Heavy athletics refer to the athletic events which require significant strength and power and include stone-throwing, weight tossing, hammer-throwing, caber turning, and sheaf tossing.
Weight for Height & Distance
The 56lb. weight for height is tossed over a cross bar with one hand. Three attempts are allowed at each height. If the thrower misses all three tries at one height, then he is out of the competition. The 56lb. weight for distance can be either block or spherical shaped with links and a handle and is thrown with one hand in a 4’6″ x 9′ throwing area. One foot must be kept inside this area or the throw is a foul.
The Open Stone Put is called “open” style because any style of putting is allowed with the spin and glide styles being the most popular. The stone usually weighs between 16 and 22 pounds and the throwing area is a box 4’6″ wide and 7’6″ long. The thrower must keep one foot inside this area or the throw is a foul.

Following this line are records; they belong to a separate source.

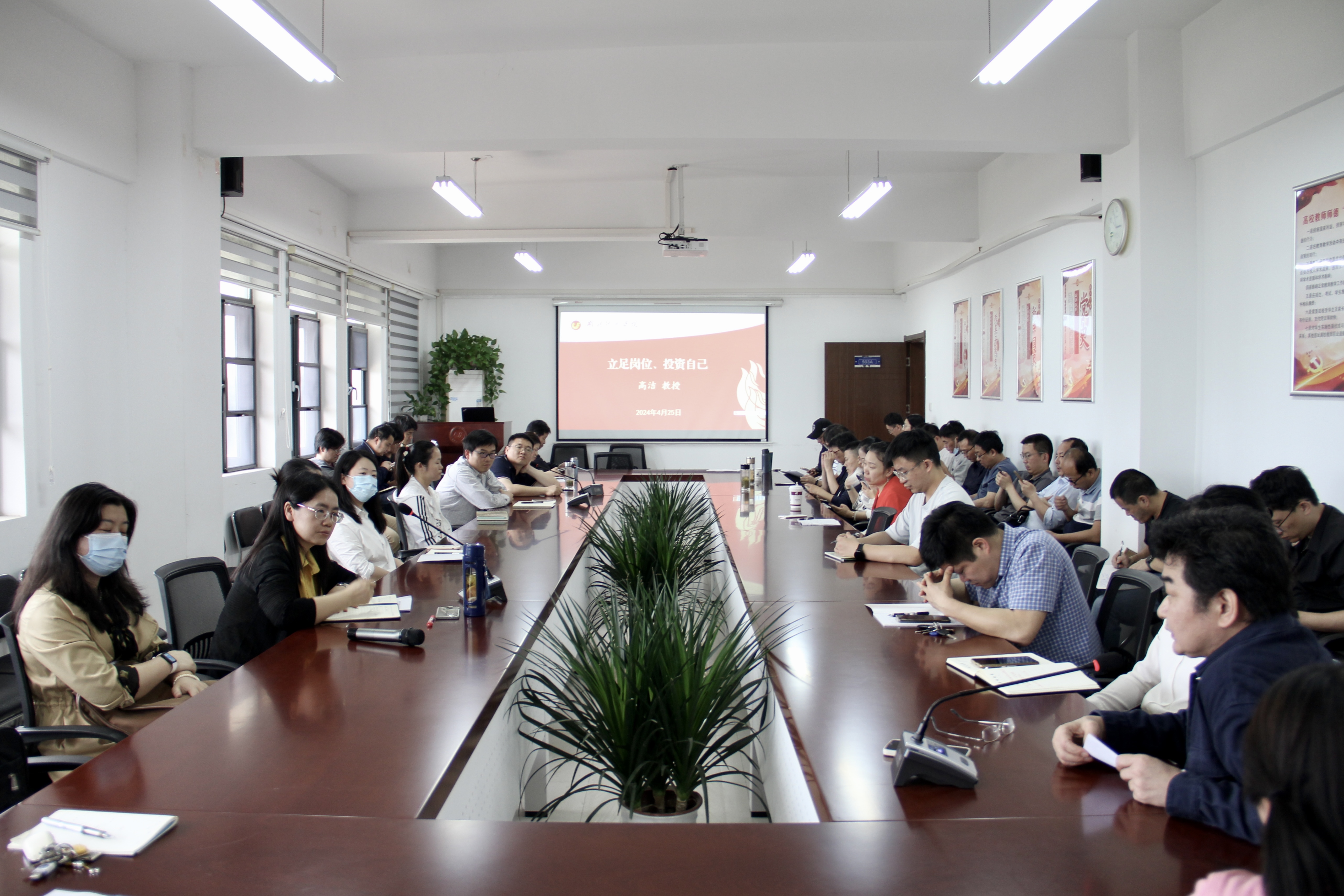 高教授从为什么要立足岗位,投资自己、教师对自身职业该有清醒的认识、教师该如何投资自己等三个方面跟与会教师分享了自己从业30多年的经验与做法,鼓励全体教师,特别是青年教师立足自己的岗位,树立良好的职业道德与理想,务必吃透教材、站稳讲台;多多阅读,开阔视眼;多向同行学习,努力提升自己。同时,高教授还建议各位老师在科研方面一定要有开放的心态,鼓励大家团队作战,拓宽自己的研究领域。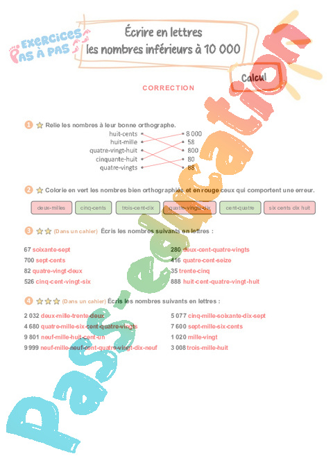 Correction Écrire en lettres les nombres inférieurs à 10 000 : Primaire 3 – Exercices Pas à Pas rtf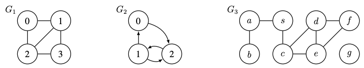 – edges are pairs of distinct vertices, e.g., u ≠ v for all (u, v) ∈ E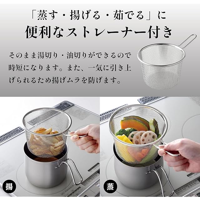 【ステンレス製】鍋本体、ストレーナーはステンレス製なので保存もでき、1~2日程度であれば鍋での保存もできます。丈夫で長持ちし、金属製のヘラやお玉も使えます。
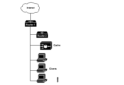 Figure 1-9 shows an example of adding a home router to an existing network. In this example, you must enable the Web Cache Control Protocol on router 2, and redirect web traffic on the interface connecting to router 1 from router 2. Then, make router 2 the default gateway for all of the client machines on the network, and router 1 the default gateway for router 2.

The Braemar Stone Put uses a heavier stone, usually between 22 and 28 pounds, and it must be put from a standing position.
The sheaf is a 16 or 20 pound burlap or plastic bag stuffed with either chopped rope, straw, or mulch. The sheaf is tossed over a cross bar with a pitch fork. Three attempts are allowed at each height. If the thrower misses all three tries at one height, the he or she is out of the competition.
The 22 lb. Hammer Throw & 16 lb. Hammer Throw
The hammer has a lead or steel head with a bamboo or rattan handle affixed through a hole in the head. The athlete stands behind the trig with his back to the throwing area, winds the hammer around the head and releases over the shoulder. The athlete’s feet must remain in a fixed position until the hammer is released. Boots with blades attached to the front of them are usually worn to keep the feet on the ground and in a fixed position.
The Caber is a tree that has been cut and trimmed down so one end is slightly wider than the other. It can vary in length from 16 to 22 feet and between 100 and 180 pounds. The thrower hoists the caber up and cups the small end in his hands. He then takes a short run with the caber, stops, and pulls the caber so that the large end hits the ground and the small end flips over to face away from the thrower. The caber is scored for accuracy as though the thrower is facing the 12:00 position on a clock face, 12:00 being a perfect toss.